By 1970, locality was accepted as a key determinant for good performance of virtual memory. It was also—mistakenly—seen as an artifact how compilers arranged code and data on pages.
Over the next 40 years designs to take advantage of locality spread well beyond virtual memory. These included caches in CPUs, devices, and Internet; buffers between memory and I/O devices and networks; video cards; information encapsulation in program modules; accounting and event logs; most recently used lists of applications; Web browsers; search engines; video streaming; and edge caches in the Internet. Designs to harness locality are everywhere.1
The success of locality prompted investigations into what might be causing locality to appear in program behavior. In 1976, Wayne Madison and Alan Batson demonstrated that locality was measurable in source codes of programs. They and many others attributed this to the way we humans think about problem solving. Techniques such as iterative loops, divide and conquer, and modularity all generated locality behavior. Locality is a reflection of human thought.
The algorithm is another reflection of human thought, intended to capture a procedure so that it can be followed by any other person or, in modern cases, by a computing machine. In 2010 Yuri Gurevich published a report seeking to answer the question, "What is an algorithm?"3 He was trying to find the smallest set of essential assumptions that make a procedure an algorithm. One of his findings was a bounded domain principle: an operation can only alter a finite, bounded region of the data structure. In other words, to qualify as an algorithm, a computational method must necessarily obey a locality principle.
Because machines are also the product of human thought, we might ask if there is a locality principle embedded into the design of computers. There is. Each component of a machine interacts locally with a few other components by receiving inputs and generating outputs. This enables components to be very fast because they can fire without waiting for signals from distant components to propagate through the circuit. This unleashes the amazing speeds that enable computers to do many tasks humans cannot. The locality principle enables computing machines to be fast. It also deprives machines of the human capability to sense context. The brain with its many intricate folds can bring into physical proximity neurons that are neuronally distant from each other. This may be a structural reason why the brain can recognize context but our computing machines cannot.

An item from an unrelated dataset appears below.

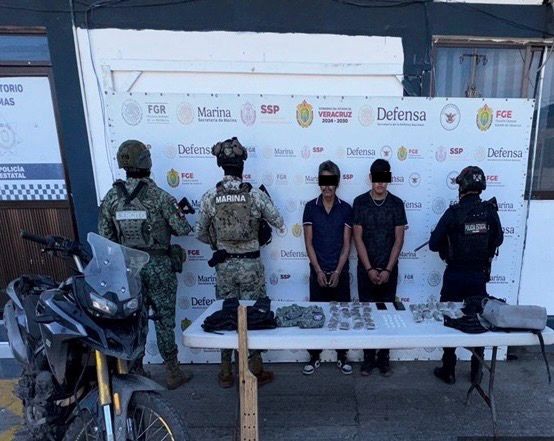 Así también, luego de un reporte sobre robo a negocio registrado en el municipio de Tihuatlán, fueron intervenidos Iván “N” y Joel “N”, señalados como presuntos responsables del delito, a quienes les aseguraron una réplica de arma de fuego tipo escuadra y una camioneta Ford, tipo Explorer, placas WXE531A.

Not only does locality reflect human thought, it shapes human thought. Consider the brain's working memory, which holds memories of recent events. To be recalled later, short term memories must be moved to the longer-term memory areas of the brain. Working memory is like a computer cache. This structure explains why multitasking is difficult for many people and inhibits their productivity. To switch to a new task, you need to purge the local working memory of the old task and load it for the new.2,4 This context-switch takes time and introduces errors when fragments of short-term memories are lost in the process. As in a computer, too much context switching causes performance loss because the cache must be purged and reloaded. If the demand for context switches is too high compared to your brain's capacity, your brain can thrash like a computer. You experience this as a state of overwhelm, in which your capacity can be greatly diminished.
Thus it seems that locality is bed-rock for everything we know and think about computation. We cannot have algorithms without it. We cannot manage memory well without it. We do not multitask well because of it.
Give the limitations on our brains and interactions with other people, how can we make a difference? Start with our neighbors in our communities. We do not accomplish anything alone. A contribution spreads in the conversations, stories, and practices we share with each other. A contribution becomes greater when we mobilize our communities around it—they adopt its practice and become voices advocating it in new networks. This helps explain why individual names often disappear from contributions—they were actually done by communities.
Locality teaches us that being human is to serve our communities and look for reward from our contribution rather than from long-term recognition. Instead of thinking we are the serfs of technologies that drive our conditions, consider that technologies can enable us to take care of our community's well being and to learn more about the human condition. The idea that technology reveals and enables the human condition is not the current common sense, although it was a commonly held view in previous eras. Perhaps the fears that computers will take away our humanity are overblown. Perhaps our pursuit of more effective human-centered computing—for example with data science, machine learning, and AI—will help us to become more fully human.
We do our best when we focus on what we can do together in our neighborhoods. If we are concerned about credit and recognition of our work propagating through the human network, we are chasing the chimera. Our human identities are mostly local. We have no control over what happens at large distances (in space and time) from where we are in the human network. Locality empowers our neighborhoods. The ripples we create with our neighbors will likely travel far, but our names will not. And that is how we fulfill our purpose.
3. Gurevich, Y. What is an algorithm? In Proceedings of the 38th International Conference on Current Trends in Theory and Practice of Computer Science (SOFSEM'12). M. Bieliková et al., Eds. Springer-Verlag, Berlin, Heidelberg, (2012), 31–42.